Mar 1, 2015, 8:45:23 AM3/1/15

to th...@googlegroups.com, sv...@nierlein.de

Hi again
No problem, I'm trying it on our Lab server. I'm very interested in this fonctionnality as we plan to have more and more backends, some of them with a lot of hosts/services.
So I will do any test I can do to help debugging.

I suspected a memory shortage.
I have 9 backends plus the local Naemon. But only 2 shadownaemon start.
The memory use of one shadownaemon is around 60MB. It remains around 600MB free for the 7 remaining backend, that is 420MB. Am I wrong ?

I just cleanup the shadow_naemon_dir from all backend ID dirs and restarted.
All of them are properly created.

The 2 working ones have a shadowdaemon.log like that :
[1425215585] livestatus: Naemon Livestatus 1.0.0-naemon Socket: '/var/cache/naemon//adc60/live'
[1425215585] livestatus: Finished initialization.

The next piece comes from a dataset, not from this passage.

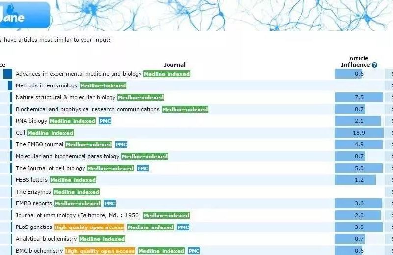 页面分成三个部分,其中,最左边代表了通过系统对以往这期刊中的文章进行检索,计算出的这期刊与你文章之间的相关程度(confidence);中间就是期刊名称以及是不是开放获取(Open access);最右边则是这个期刊的影响力,是这个系统独有的指数。

Further log messages go to /var/cache/naemon/adc60/tmp/livestatus.log
[1425215585] Event broker module '/usr/lib/naemon/naemon-livestatus/livestatus.so' initialized successfully.
[1425215586] TIMEPERIOD TRANSITION: 24x7;-1;0
[1425215586] started caching 91.151.62.65:822 to /var/cache/naemon//adc60/live

The non working ones have a shadowdaemon.log like that :
[1425215585] query failed: 400
query:
---
GET services
---
[1425215585] Error: Could not find a service matching host name 'ADE_01UTA02' and description 'WAN' (config file '/var/cache/naemon/1c326/tmp/objects.cfg', starting on line 473)
[1425215585] Error: Could not expand members specified in servicegroup 'ADE_WAN' (config file '/var/cache/naemon/1c326/tmp/objects.cfg', starting at line 473)
[1425215591] query failed: 400
query:
---

even if the configuration files in /var/cache/naemon/tmp seem to be OK.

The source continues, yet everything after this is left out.